= Raquel Gvirtz =

Human rights activist

Fanny Raquel Gvirtz de Arcuschin (1924 – 27 September 2013) was one of the founders of the Grandmothers of the Plaza de Mayo, a human rights organization dedicated to finding the children stolen and illegally adopted during the Argentine dictatorship.

== Background ==
Her parents were Russian Jewish immigrants, and settled in the Province of San Juan. Gvirtz was born in Buenos Aires. After studying at a commercial school, she started working at an accounting firm. At 24 years old she married Elías de Arcuschin.

Her sons were Miguel Sergio Archuschin and Adrián Archuschin and students at the Escuela Superior de Comercio Carlos Pellegrini, one of the most prestigious high schools in Latin America. Miguel was an activist against the Argentine dictatorship and arrested with his younger brother. Adrián was a minor at the time of the arrest and released after 10 days. Miguel was never released, and is part of the ‘disappeared’ of the Dirty War (Victims kidnapped, tortured and murdered whose bodies were disappeared by the military government). Miguel was last seen with his pregnant wife Noemí Jansenson at Campo de Mayo, a secret detention center where newborn babies were kidnapped from pregnant women before they were executed.
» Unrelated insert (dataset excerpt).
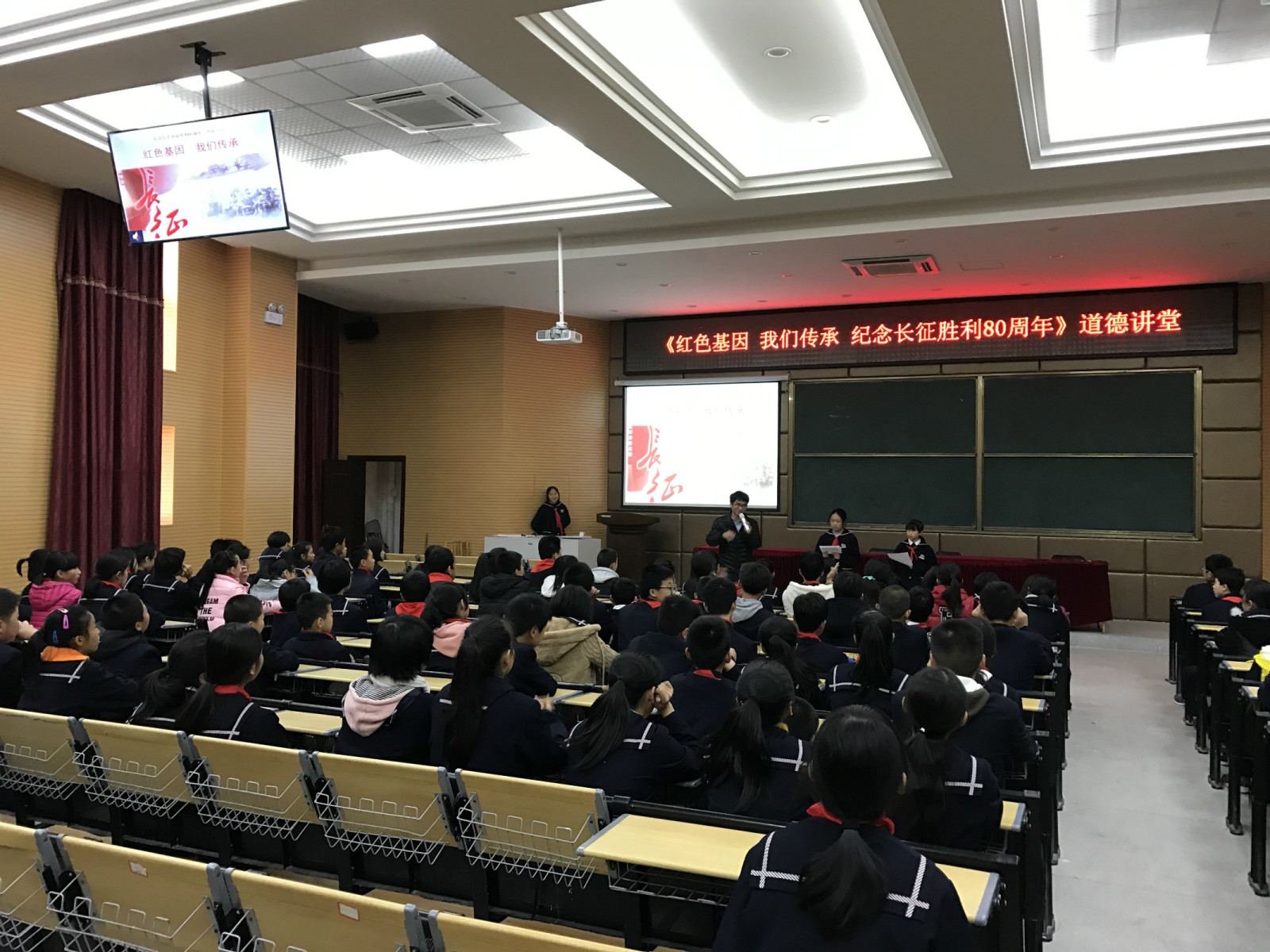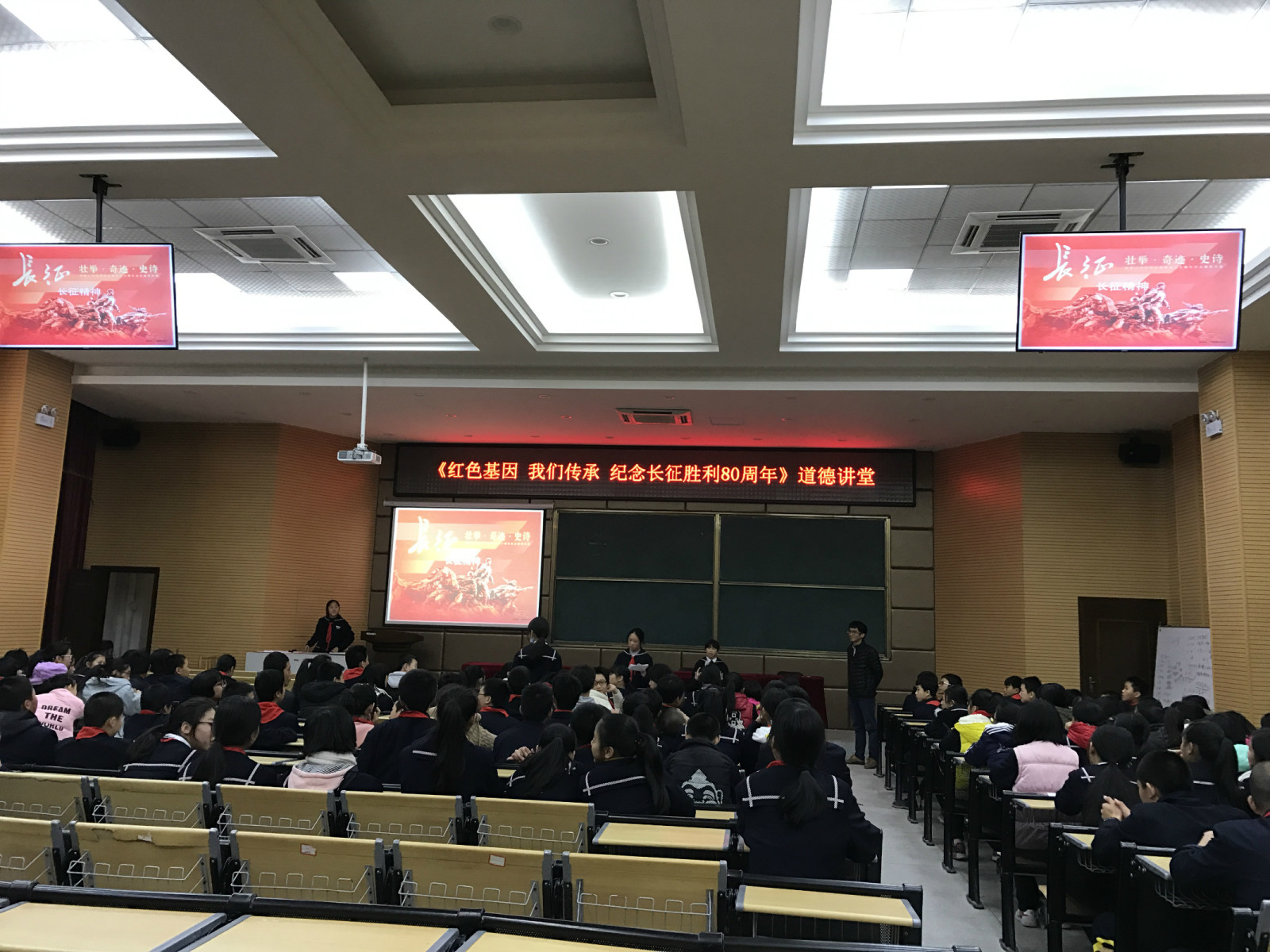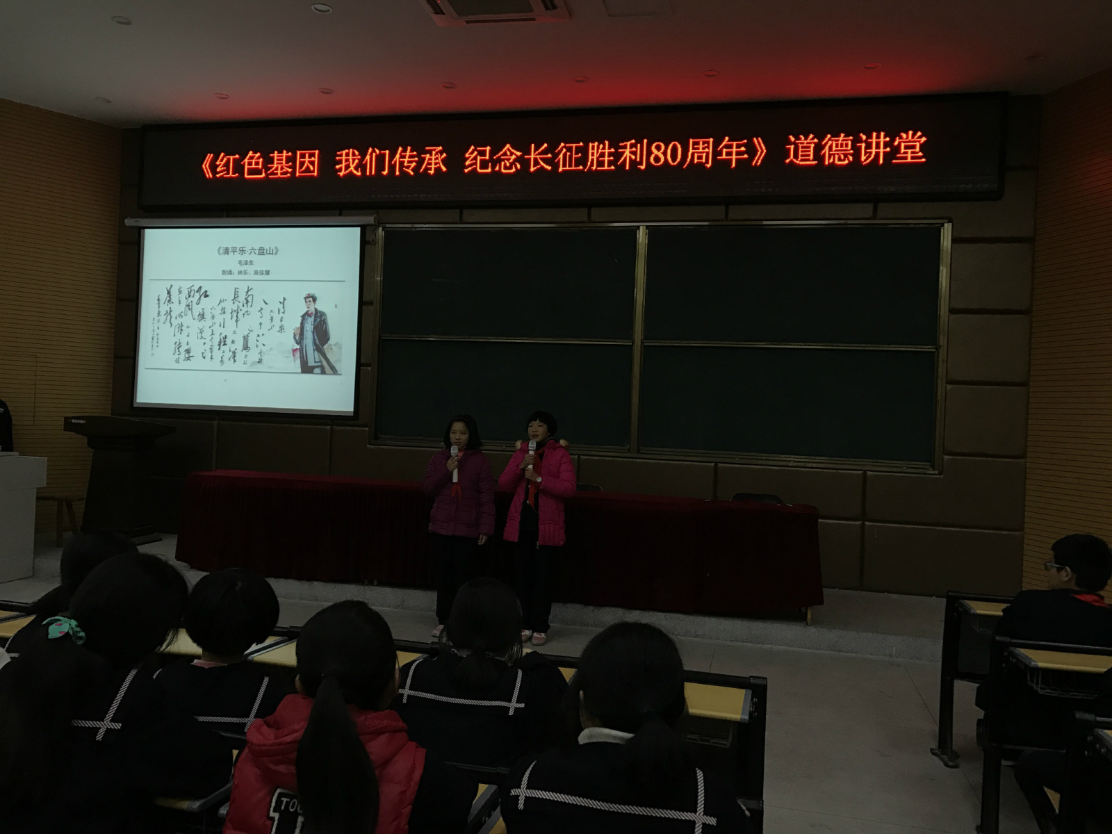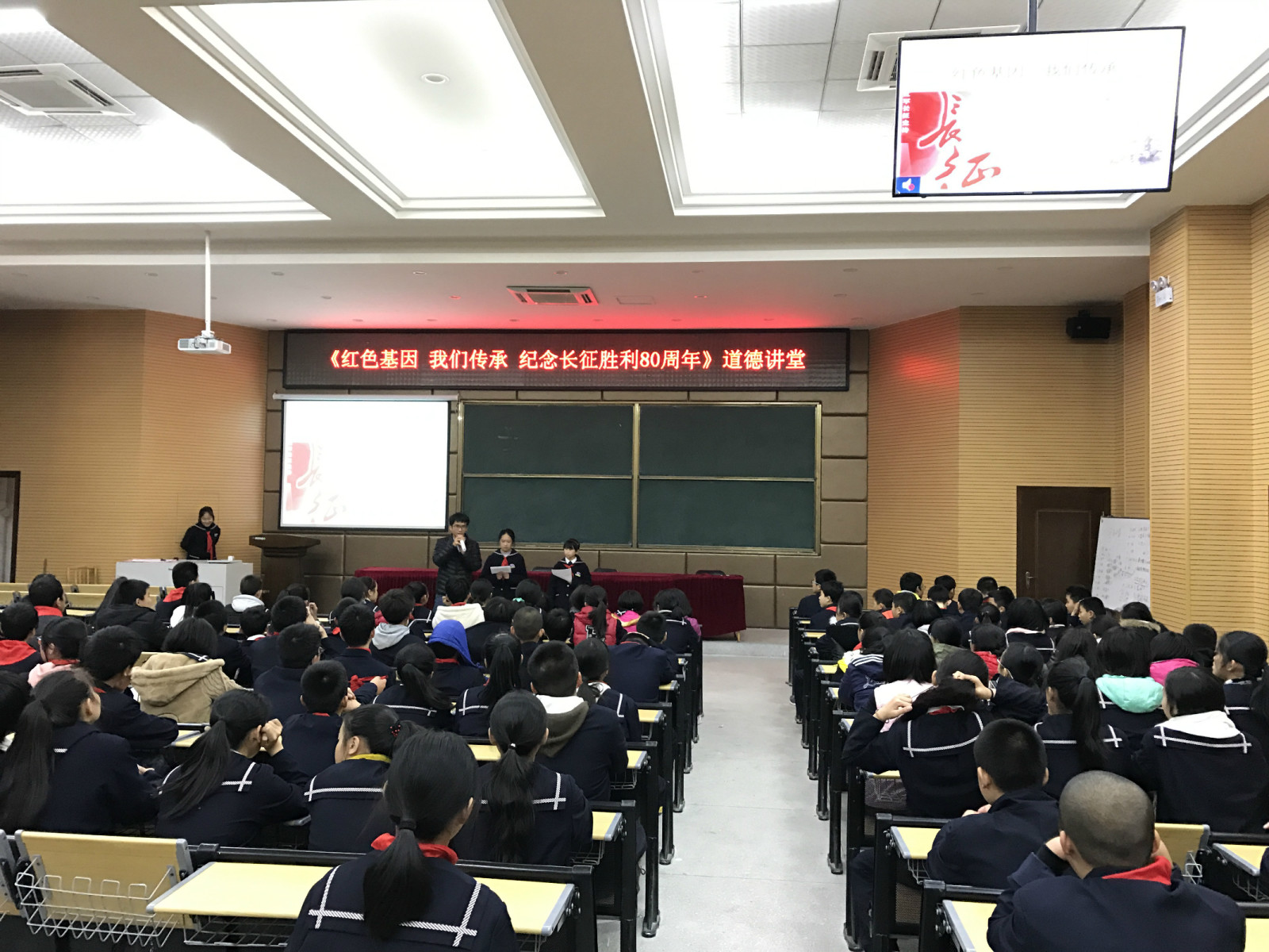 今天,由初中年段的黃照段長召開題為《紅色基因,我們傳承》的主題班隊會暨校道德講堂活動。活動由六大環(huán)節(jié)組成:(一)觀看《長征視頻》;(二)從視頻中學習長征問卷;(三)學習朗誦、齊讀;(四)唱少年先鋒隊隊歌;(五)長征精神分析;(六)觀看發(fā) 展中的中國,觀看軍隊的精神,體會新時代的長征精神。

Afterwards the newborns were given to people loyal to the military dictature.

Raquel was on the first women to walk the Plaza de Mayo, demanding to know where her newborn grandchild was brought. After the dictatorship came to an end she started working with the U.S. geneticist Mary-Claire King on matching grandparents with their kidnapped grandchildren, a work she continued until her death in 2013.